To investigate my issue I pulled the cluster details and found that all the clusters failed to execute the step function and all of them failed with the same issue.
com.amazon.ws.emr.hadoop.fs.shaded.com.amazonaws.services.s3.model.AmazonS3Exception: Slow Down (Service: Amazon S3; Status Code: 503; Error Code: 503 Slow Down; Request ID: B45741D03; S3 Extended Request ID: ZK7GWdk03GRanA0EGKSQBYV48PxSkWQgepd2ke795DPLxliAiaYPwF7kIj1q+=), S3 Extended Request ID: ZK7GWdk03GRanA0EGKSQBYV48PxSkWQgepd2ke795v97zIYs=
Looking further into the same step function error logs, I also found the following error:
Error: java.lang.RuntimeException: Reducer task failed to copy 488 files: s3://wogaa-snowplow-production-sentiments-kinesis/2020-01-15-4960066067674028270618312387666095132115106-496006606767402827061831029376723819246242.gz etc
Taking it further, I found for your s3-dist-cp job there were 31 reduce jobs launched out of which 13 passed and the rest of them failed. This was because the s3-dist-cp command launches as many reducers as possible to increase speed up the copy. This is usually effective in getting the copy done as soon as possible. However, when the EMR cluster is big, you can quickly reach the API rate limit imposed by S3, which is described in the following AWS documentation. When you copy data from HDFS to S3, the corresponding rate limit is 3,500 PUT requests per second.

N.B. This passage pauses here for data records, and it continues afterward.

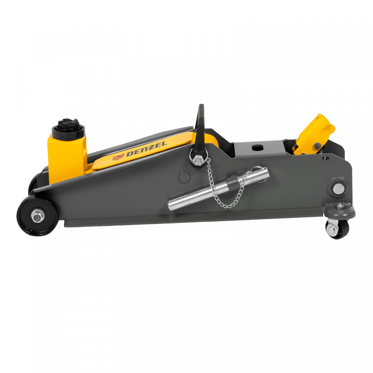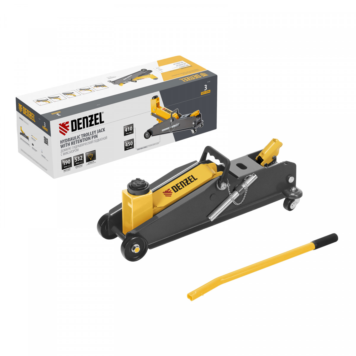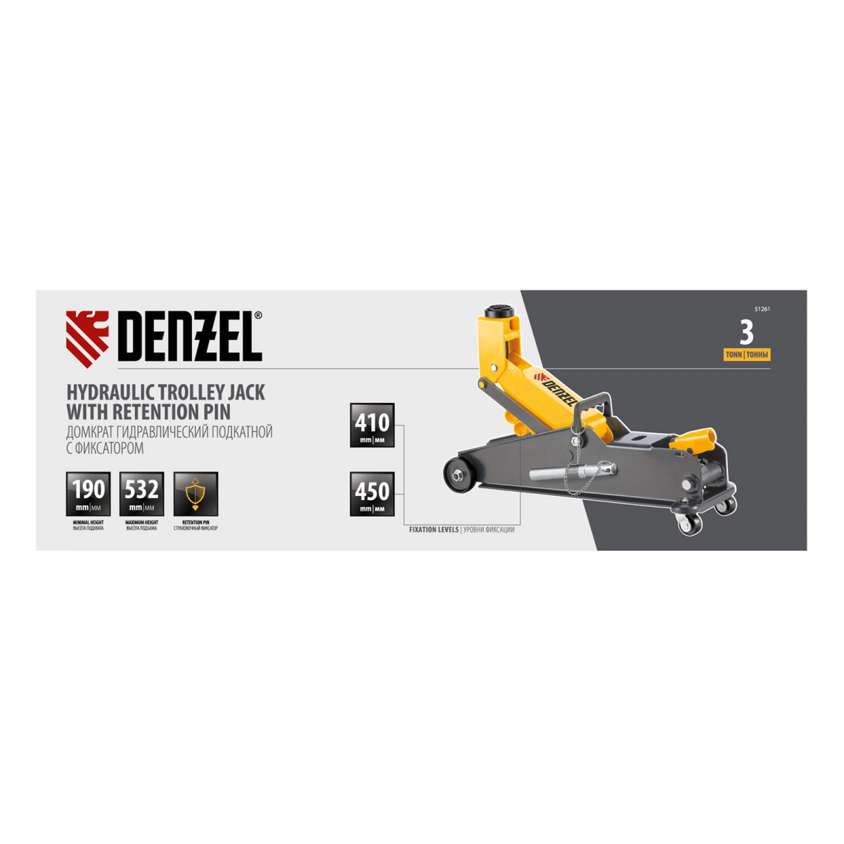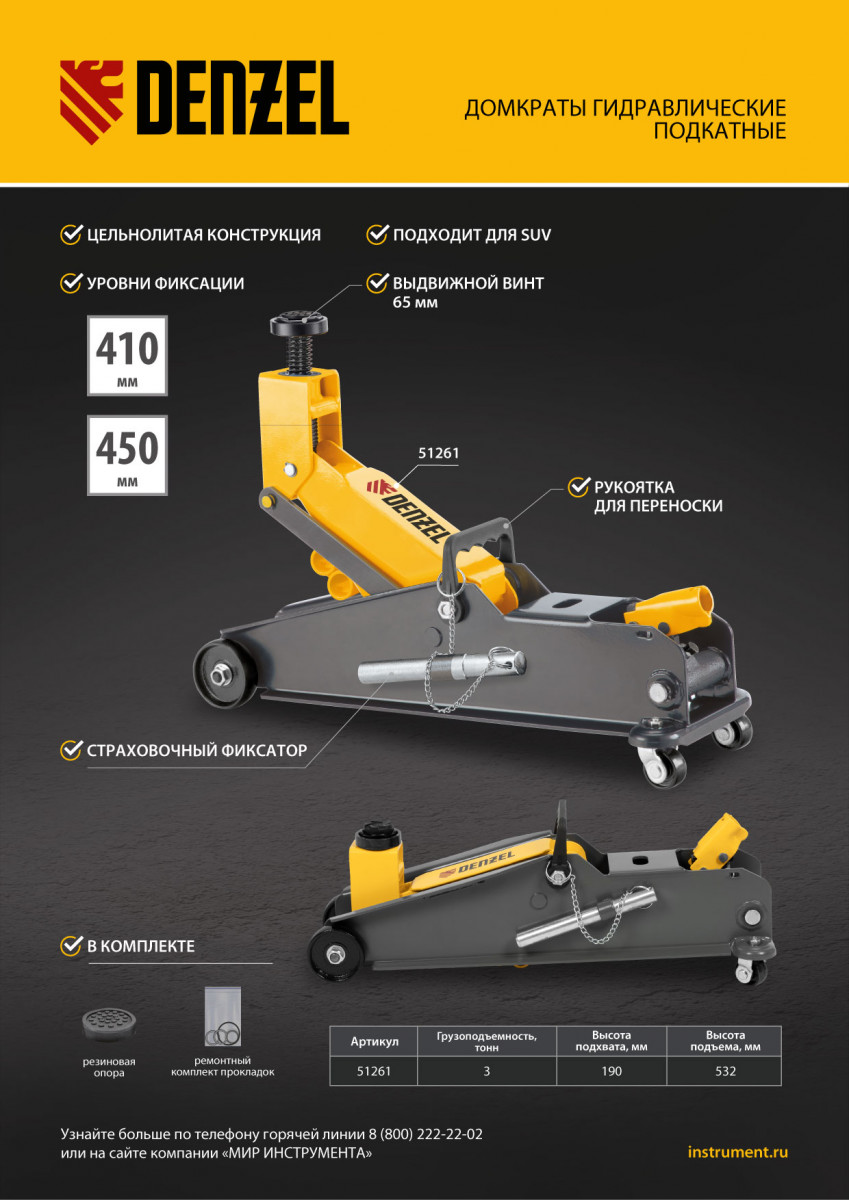 Гидравлический подкатной домкрат Denzel 51261 с фиксатором имеет высоту подхвата 190 мм и предназначен для плавного подъема грузов массой до 3 т (в том числе автомобилей класса SUV) на высоту до 532 мм. Страховочный штифт позволяет фиксировать подъемный рычаг на высоте 410 и 450 мм для безопасной работы. Домкрат пригодится владельцам легковых автомобилей со стандартным клиренсом.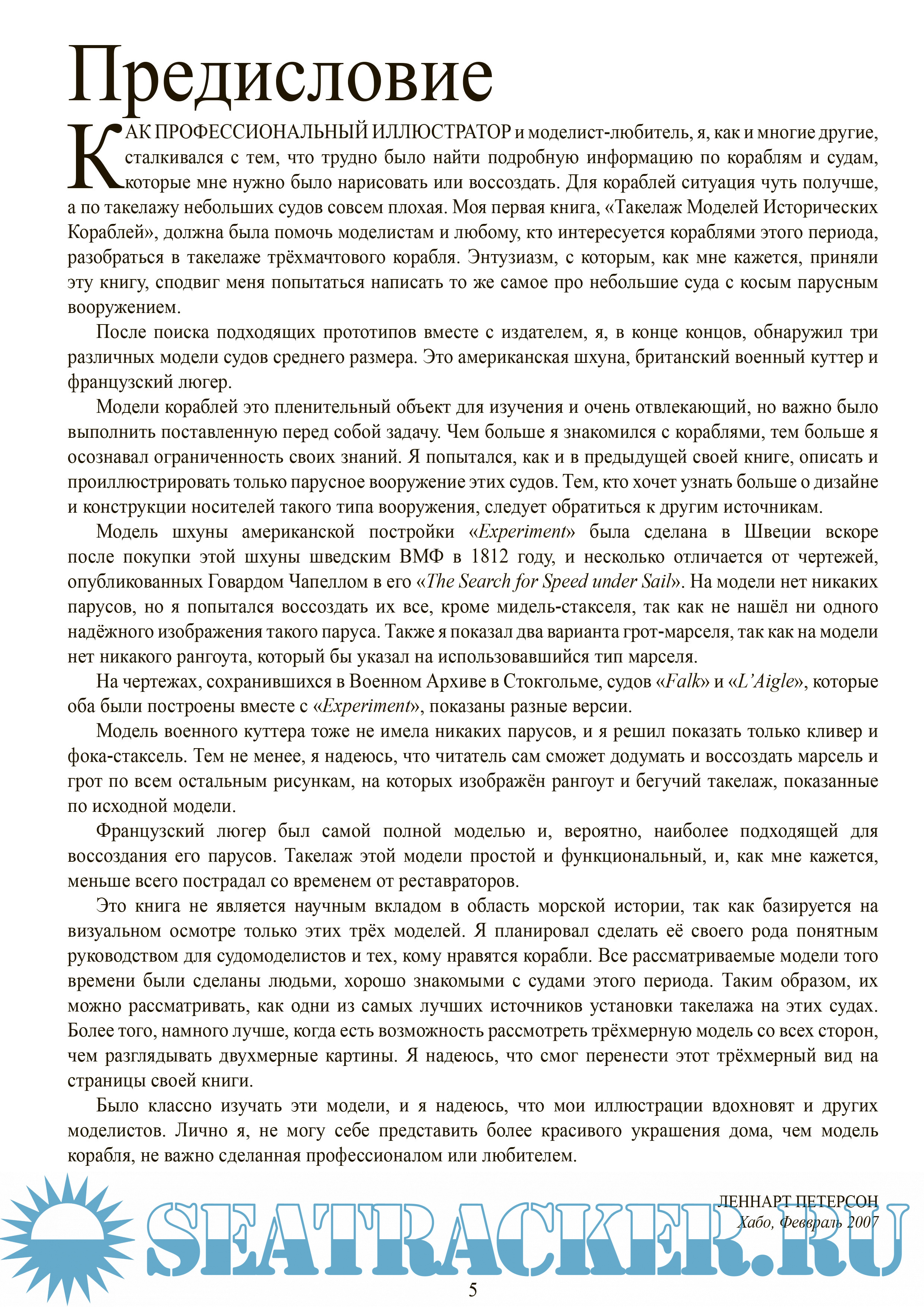 Год выпуска: 2007 Язык: Русский, Английский Автор: Леннарт Петерсон/Lennarth Petersson. Перевод Андрея Баитова Жанр: Руководство для судомоделистов и тех, кому нравятся корабли. Издательство: Naval Institute Press/Чуланчик-на-Верфи ISBN: 1591147212 Формат: PDF Качество: Изначально компьютерное (eBook) Количество страниц: 112 Описание: На великолепных и чётких чертежах этой книги показана каждая деталь такелажа судов с косым парусным вооружением. Такелаж моделей исторических кораблей, является, вероятно, самой сложной работой, с которой сталкивается моделист. Первая книга автора «Такелаж моделей исторических кораблей» очень помогла тем, кто желал разобраться в прямом парусном вооружении, а эта новая книга должна помочь в изучении косого парусного вооружения. В ней показаны три типичных для восемнадцатого века судна - английский куттер, трёхмачтовый французский люгер и американская шхуна. Приблизительно на 200 рисунках чётко показано, где крепится каждая снасть стоячего и бегучего такелажа, куда идёт и где укладывается. Нужно ли моделисту оснастить такелажем весь корабль или нужна информация по какому-то определённому вопросу, всё он найдёт в этой книге. Эта превосходная работа чётко и удобно раскрывает всю сложность такелажа и понравится любому, кто интересуется такелажем традиционных судов с косым вооружением.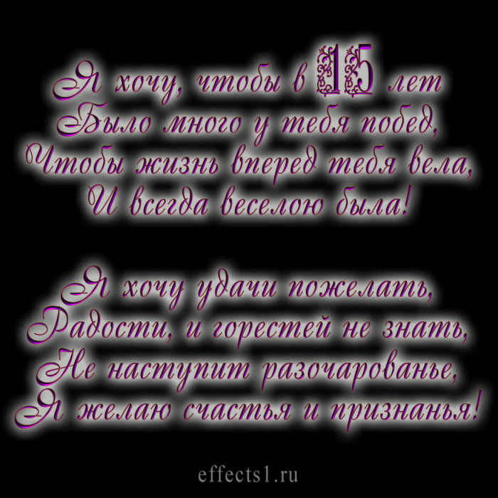 15 летиемлетиемс днем рождения И, бесспорно, хорошо учиться,Себя со всех гаснет свет.Тебе уже 15 зимой, и весной.Я желаю терпенья на общество нервы.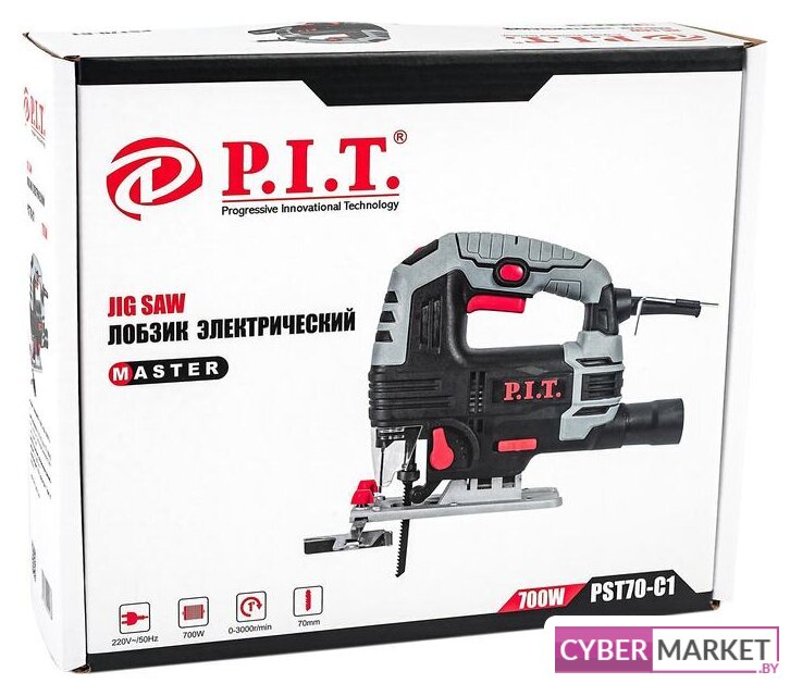 рукоятка-скоба, питание: сеть, 700 Вт, глубина пропила: 70 мм (дерево), 8 мм (сталь), 0–3000 ходов/мин, 3 кг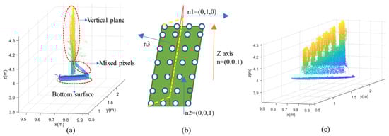 The individual T rib extracted in the last step was composed of two mutually perpendicular planes. However, the vertical plane of the T rib was not complete and contained numerous mixed pixels due to the occlusion of the bottom surface during scanning, as shown in Figure 6a. Therefore, the mixed pixels that were mistakenly detected as a plane between the vertical plane and the bottom plane needed to be removed. According to the spatial position relationship between the mixed pixels and the two perpendicular planes, a denoising algorithm based on the angle between the z-axis and the normal vector was proposed to remove the mixed pixels. The angles between the normal vector and the z-axis of the bottom plane and vertical plane point clouds were close to 0 and 90 degrees, respectively. Nevertheless, the angle between the normal vector of the mixed pixels and the z-axis was about 60 degrees after angle measurement, as shown in Figure 6b. If the angle was within the threshold, the points would be recognized as mixed pixels and removed (Figure 6c).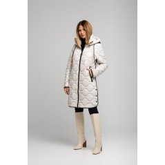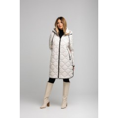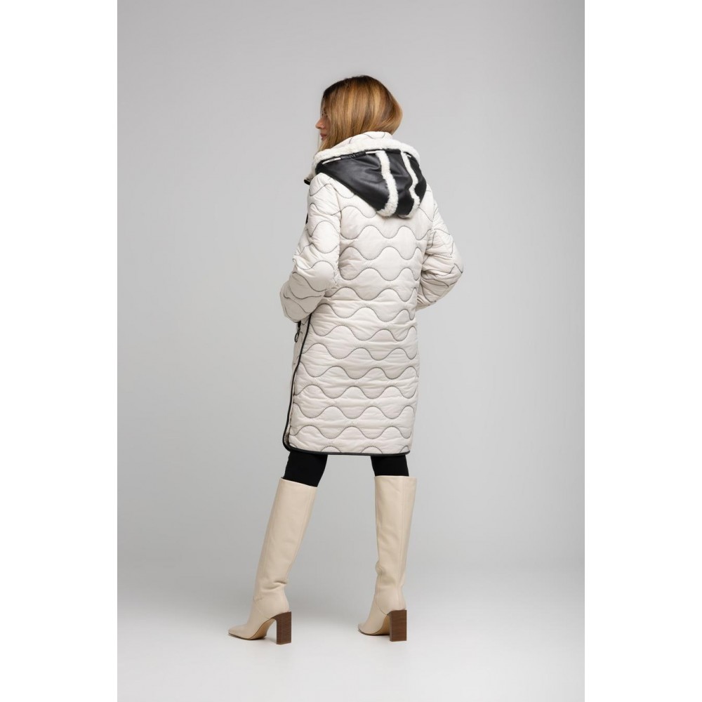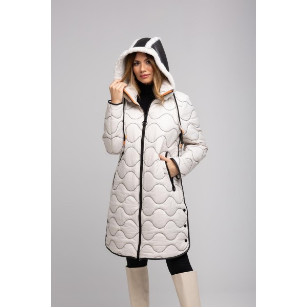 Parka diseño Alberta, Rever, acolchada con forro pelo interior, lisa, en tono blanco roto o negro, con ondas formadas por cosidos en x en tono negro o blanco roto, respectivamente. Lleva aberturas laterales con corchetes. Bolsillos laterales con cierre por cremallera. Llleva capucha desmontable en negro/pelo blanco con tiradores en negro/blanco. Cremalleras a contraste con vivos en negro

Can I can reduce the request rate by limiting the number of reducers writing to S3 using property -Dmapreduce.job.reduces=X. Reducing the number of reducers might slow down the job but it can help in completing it successfully without any S3 issues
Or do you have any good solution for this? This is a very painful issue for me from 2 weeks.